***SPOILERS AHEAD***
After many months of marketing and debate, the MCU's version of The Suicide Squad is here. There is little doubt that the opening weekend won't be impressive. While there is no telling if it will be record-setting or a $1 billion burner, it shows that Kevin Feige is back to storytelling with purpose.
More importantly, that little asterisk proved it the entire time.
Within 10 minutes of the new Jake Schreier film, there were three easter eggs, two acts of foreshadowing, and one fantastic mention of Captain America: Brave New World to show the Marvel Cinematic Universe is back to universe building. It was that thing they did with flair back in the days of the Avengers.
Those were the halcyon days of the Infinity Saga. Once Marvel dipped an abstract toe in the multiverse, nothing was quite the same. Movies that used to connect to each other like an intricate jigsaw puzzle felt more one-offish and without any sense of unity. However, there was a centered vision of the big baddie in Kang that turned out like a deleted scene of a B-movie.
And just when fans began to lose faith in the mighty MCU, here comes that asterisk. What was such a big deal with it anyway?
There's something "new" about these Avengers

The MCU provided the rest of the universe it was seeking this entire time: What's with the asterisk?!
Phase Hero, a popular superhero podcast, sat down with director Jake Schreier to discuss what Valentina Allegra de Fontaine (Julia Louis-Dreyfus) unveiled to us all—that the "Thunderbolts" wasn't an homage to Yelena Belova's pre-teen soccer team (a hilarious concept). It was only a code name for what would become her marketing scheme known as the New Avengers.

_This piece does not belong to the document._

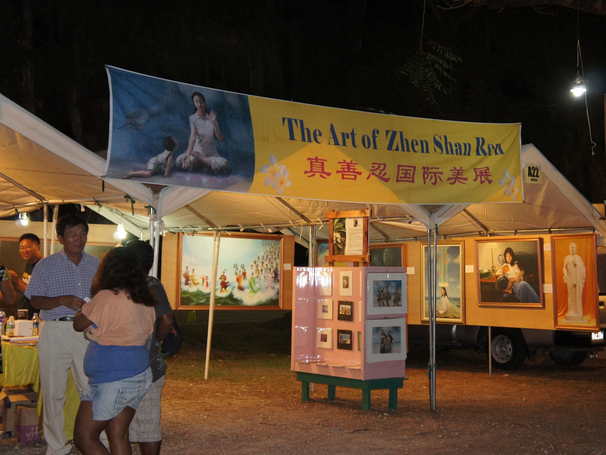 【明慧网二零一三年四月二十四日】为期三天的三十二届塞班岛火树节于二零一三年四月十九日至二十一日圆满落幕。塞班法轮大法佛学会也同以往一样应邀参加了此次活动。加拿大华裔画家陈肖平也前来火树节现场,同当地艺术协会人员一起探讨艺术,并讲述大法的美好与真相。展出的十几幅不同法轮功学员的作品让当地居民及游客观赏后,既表现出对作品中讲述的迫害不可思议,又对画家精湛的画艺表示欣赏。

"From the moment I pitched [Kevin Feige and Louis D'Esposito] on the movie, that was the ending, and the script was very different than what we ended up making. But from the very first draft that I read, that was in and that stayed. The one thing that we had to do was, they were going to get introduced as that by Val. So I think that was part of my last pitch meeting, and I said, 'I think it'd be fun to maybe do one ad somewhere where we put an asterisk on the title, and we say until we come up with something better."Jake Schreier via Phase Hero podcast
The asterisk gave Thunderbolts a life Marvel Studios has not experienced since Thanos was finally defeated. It allowed them to give back the Avengers to the fans, but only in terms of folklore and nostalgia. And that has nothing to do with General Thaddeus "Thunderbolt" Ross, a lovely surprise not many considered before they got their popcorn.
The New Avengers is a group of misfit antiheroes, similar to DC's Suicide Squad, only as we discover in the longest post-credit scene in Marvel's illustrious history, they have much more significance. (No spoilers there.)
"I've got to claim it either way, but I think it just felt like, from the moment it came out, this cast is A-list sure, but people say, 'Oh, they are the B-list characters,' Thunderbolts doesn't have the name recognition of a Superman or a Fantastic Four. How could you use that as an opportunity? What could you do with that and have fun with the sort of idea and the twist of it? And even in a way, when people say, 'This is not my Thunderbolts!' because it is not that first run where it's Masters of Evil. I don't really know how you would really do that in a movie context, maybe you could, [but] it seems hard to me."Jake Schreier via Phase Hero podcast
Well, he did it, and it's a smash success. The film takes place after the ending of Captain America: Brave New World and the Red Hulk's unfortunate imprisonment and takes off from there. It also ends up at the old Avengers' tower that Val refurbished, so that's a nice fan service connection.
What's new about these Avengers is more than the ham-handed way they were introduced to the world or the exploratory concept of The Sentry Project. These are all people with pain, somber memories, and a morose past that only The Void helps us understand. That kind of psychological vantage point is a strength of the storytelling in this film.
The film acts as a prequel, an origin story of sorts. It ends with an interesting twist and an allusion to friendship as they search for justice, their way. This is not only a time to benchmark the New Avengers, but this will mark the moment of a new beginning for the MCU.